Analyst Conference Summary

Adobe
(ADBE)

conference date: December 15, 2009 @ 2:00 PM Pacific Time
for quarter ending: November 27, 2009 (4th quarter fiscal 2009)

But I use Adobe products
Forward-looking statements

Overview: Not improving revenues as fast as many other technology companies; revenues still below year-earlier.

Basic data (GAAP) :

Revenue was $757.3 million, up 9% sequentially from $697.5 million, but down 17% from 915.3 million in the year-earlier quarter.

Net income was negative $32.0 million, way down sequentially from $136.0 million, and down from $245.9 million year-earlier.

Earnings per share (EPS) were negative $0.06, down sequentially from positive $0.26, and also down from positive $0.46 year-earlier.

Guidance:

First quarter fiscal 2010, ending December 31, 2009, target revenue is $800 to $850 million, with $78 to $83 deriving from Omniture. Operating margin 30 to 32% non-GAAP. EPS $0.21 to $022 GAAP, $0.34 to $0.39 non-GAAP.

Conference Highlights:

Quarter results reflected improvement in customer demand "across many of our major business areas and geographies."

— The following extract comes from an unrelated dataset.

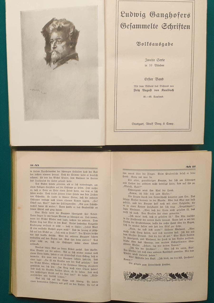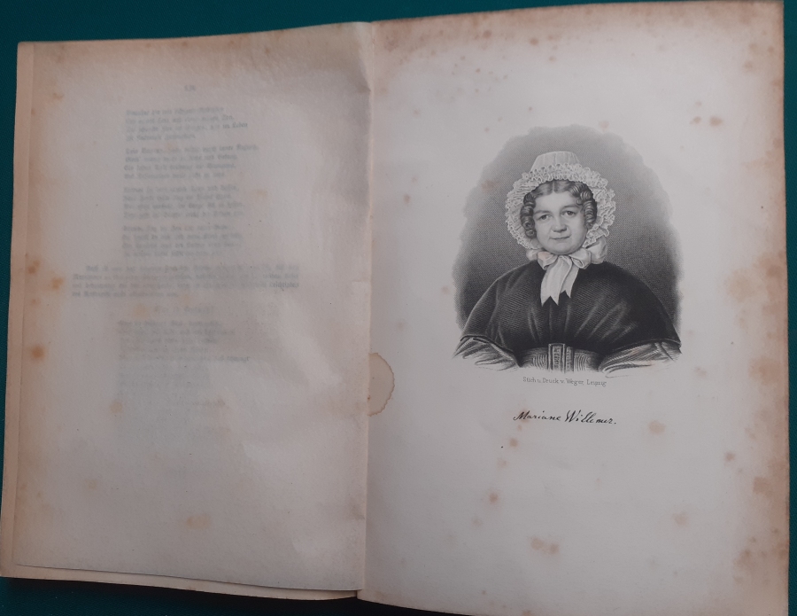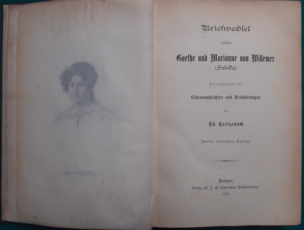 Goethe und Marianne von Willemer (Suleika) Cotta´sche Verlagsbuchhandlung, Stuttgart; Ausgabe von 1878!!; 356 Seiten; mit Portraits und Landschaftsaufnahmen; Voll-Leinen-Einband; am Rücken ist die Stoffbespannung auf einer Seite etwas eingerissen und wurde nachgeleimt; Buchblock im Gelenk hinten etwas gelockert und im Nachsatz innen mit Klebeband schonend stabilisiert; Bindung ansonsten noch sehr fest und alle Seiten fest verbunden; Einband fleckig - vermutlich nach abgetrockneten Feuchtigkeitsschäden; innen noch recht schön und insgesamt befriedigender altersgemäßer Zustand Preis: 6 EUR |

Open Screen Project gained momentum in the mobile space. Connect Web conferencing revenue grew 23% y/y.

Omniture acquisition closed in the fourth quarter and generated $26.3 million in revenue, but excludes $8.3 million in deferred revenue. Omniture was the industrial leader in web analytics and online business optimization.

Non-GAAP results: operating income $256.2 million. Net income $206.8 million, down from $320.9 million year-earlier. EPS $0.39. Non-GAAP results exclude $41.7 million in stock-based compensation , $25.4 million in restructuring, and $44.5 million in amortization.

Product revenue was $707.3 million. Services and support revenue was $50.0 million.

Cash, equivalents, and short term investments ended at $1.91 billion. Cash flow from operations was $254 million. Cash decreased due to the Omniture acquisition.

Cost of revenue was $82.3 million, leaving gross profit of $675.0 million. Operating expenses of $521.3 million include $137.9 million for R&D, $257.9 million for sales and marketing, $74.3 million for general and administration, $25.4 million for restructuring, and $25.9 million amortization. Leaving operating income of $153.6 million Non operating income was $6.57 million. Income tax provision $192.3 million.

Creative Suite 4 (CS4) demand increased sequentially. The Creative Solutions segment revenue was $429.3 million, up sequentially from $400.4 million but down from $508.7 million year-earlier. CS5 should ship in fiscal 2010, and will be a "must have" release.

Business Productivity revenue was $212 million, up slightly sequentially from $210 million, but down from $278 million year-earlier.

Print and Publishing revenue was $42.9 million. Platform revenue was $47 million.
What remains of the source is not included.